Failure Pattern Observability (Spec 056)

Feature	Spec	Config	Code Default	What It Does
Failure registry	56	(automatic)	ON	Captures all failures with consistent taxonomy
Failure JSON artifact	56	(automatic)	ON	Writes `failures_{run_id}.json` per evaluation run

SSOT: src/ai_psychiatrist/infrastructure/observability.py

Privacy: only counts, lengths, hashes, and error codes are stored. Never raw transcript text.

Evaluation / Metrics

Feature	Spec	Where	Why It Exists
Selective prediction metrics	25	`scripts/evaluate_selective_prediction.py`, `src/ai_psychiatrist/metrics/*`	Comparing MAE across different coverages is invalid; we report AURC/AUGRC + bootstrap CIs

See: - Statistical methodology (AURC/AUGRC) (why AURC/AUGRC) - Metrics and evaluation (exact definitions + output schema)
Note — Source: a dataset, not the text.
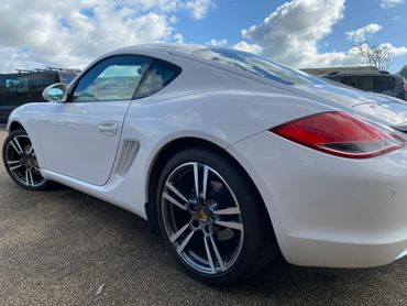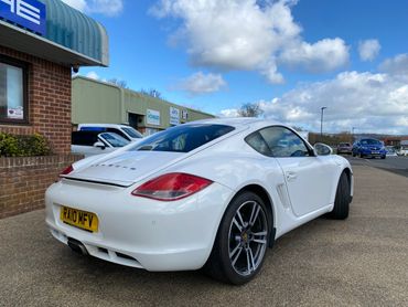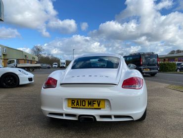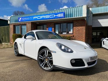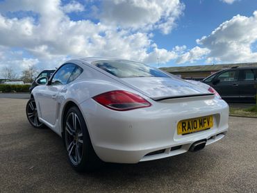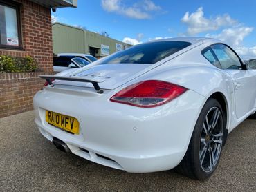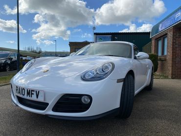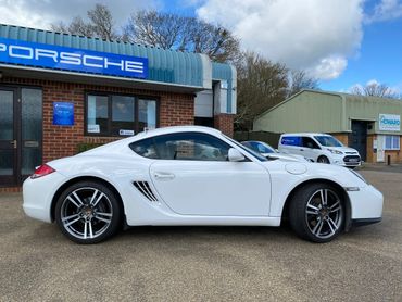 Porsche Cayman 987 generation 2 supplied new in July 2010 by the Official Porsche Centre Mid Sussex. With Carrera White paint and black leather interior. This 987 generation 2 has a very good specification with the highly desirable 2.9 engine, 6 speed manual gearbox, 19 inch Turbo wheels, PCM3 with navigation & phone connectivity, BOSE sound system, heated leather seats, sports seats, sports steering wheel with multifunction rear parking sensors & much much more. Just take a look at the full specification listed above. .

Recommended Profiles (Research Workflow)

Legacy Baseline (Historical)

Goal: reproduce the paper’s method as described, even if it is noisy.

EMBEDDING_REFERENCE_SCORE_SOURCE=participant
EMBEDDING_ENABLE_ITEM_TAG_FILTER=false
EMBEDDING_MIN_REFERENCE_SIMILARITY=0.0
EMBEDDING_MAX_REFERENCE_CHARS_PER_ITEM=0
EMBEDDING_ENABLE_REFERENCE_VALIDATION=false

Research-Honest Retrieval (Post-Ablation Target)

Goal: minimize known failure modes (label mismatch, wrong-item retrieval, irrelevant references).

EMBEDDING_REFERENCE_SCORE_SOURCE=chunk
EMBEDDING_ENABLE_ITEM_TAG_FILTER=true
EMBEDDING_MIN_REFERENCE_SIMILARITY=0.3
EMBEDDING_MAX_REFERENCE_CHARS_PER_ITEM=500
EMBEDDING_ENABLE_REFERENCE_VALIDATION=true

See: Preflight checklist (few-shot).